Although the RL model continues to solve at later steps, it begins to have fewer valid completions. This highlights reported differences between RL and ES. Since RL works in action space, it has a quartic relationship with horizon. It will find more signal where the task horizon is shorter. ES is independent of horizon but has a worst case quadratic relationship with parameters so will exploit signal with less stochasticity in parameter space.

RL learned to maximize reward using a strategy which required a lower action horizon (get to the correct word) while ES maximized reward through something that likely showed up more often in training (following a specific format). Formatting under that assumption is an easier task to find in the neural thicket. The training strategies seem to pick up on different signals.

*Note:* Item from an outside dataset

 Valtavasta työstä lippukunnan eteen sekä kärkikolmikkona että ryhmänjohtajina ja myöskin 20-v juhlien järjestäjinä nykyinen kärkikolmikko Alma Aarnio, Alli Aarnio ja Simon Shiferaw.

That difference is cool! It implies that the signal source is different between RL and ES algorithms (at least within some tasks). There is bound to be overlap in the signal but because the two training regimes learned different strategies then we know that there is ample non-overlapping signal. These two training strategies can be used together to increase our reward and vary the training.

Ending Notes

This post came about because I was reading a new paper on quantization and had questions. It led down a rabbit hole. I now don’t believe one zeroth order optimizer method is better than the other. Both have their benefits. In fact, I am looking forward to using a joint training strategy. I am looking forward to training quantized models directly (QES like). I’m looking forward to exploring more niches. There are many left.

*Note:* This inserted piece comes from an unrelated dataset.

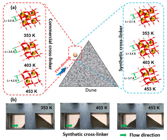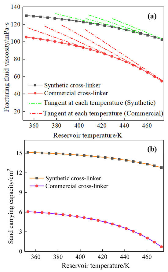 The non-Newtonian fluid characteristics of water-based fracturing fluids [38,39] indicated that reservoir temperature impacts their rheological properties and sand-carrying capacity, and Figure 6 demonstrates the impact of reservoir temperature on fracturing fluid viscosity and sand-carrying capacity. We can conclude from Figure 6 that a very significant reduction in the viscosity of water-based fracturing fluids is demonstrated with an increase in the reservoir temperature, and the effect of reservoir temperature on fracturing fluid viscosity shows a completely different trend from that of cross-linker content. The aforementioned phenomenon indicates that the continuously increasing reservoir temperature is detrimental to the viscosity stability of water-based fracturing fluids, significantly impacting fracture expansion and the improvement of the oil recovery. In addition, a low reservoir temperature can maintain a high viscosity of the fracturing fluid, with a relatively slow decrease in viscosity. Conversely, a high temperature will cause a more rapid decrease in the fluid viscosity than a low temperature. Figure 6, additionally, illustrates that the synthesized cross-linker exhibits enhanced temperature resistance for water-based fracturing fluids in comparison to commercially available cross-linkers. Therefore, 0.3% of commercially available cross-linking agent can make the viscosity of fracturing fluid reach 105 mPa·s at 353 K, while the reservoir temperature of 453 K makes the viscosity of fracturing fluid drop rapidly to 70 mPa·s. Meanwhile, 0.3% of synthetic cross-linker only reduces the viscosity of water-based fracturing fluid from 130 mPa·s at 353 K to 110 mPa·s at 453 K. The smaller viscosity reduction value of the synthetic cross-linker demonstrates its superior temperature resistance to water-based fracturing fluids than commercial cross-linkers.

I am currently generating an addition to Prime-RL for the ES used in this blog post. Please let me know your thoughts and consider thoroughly roasting the code when it is released. It should be pretty simple and will be out within a couple weeks of this post. Right now I have a sequential method which benchmarks at 97% of its time in inference. The 3% is weight updates and LoRA loading. The engineering is pretty straightforward so I mostly need to verify it will scale across multi-node training.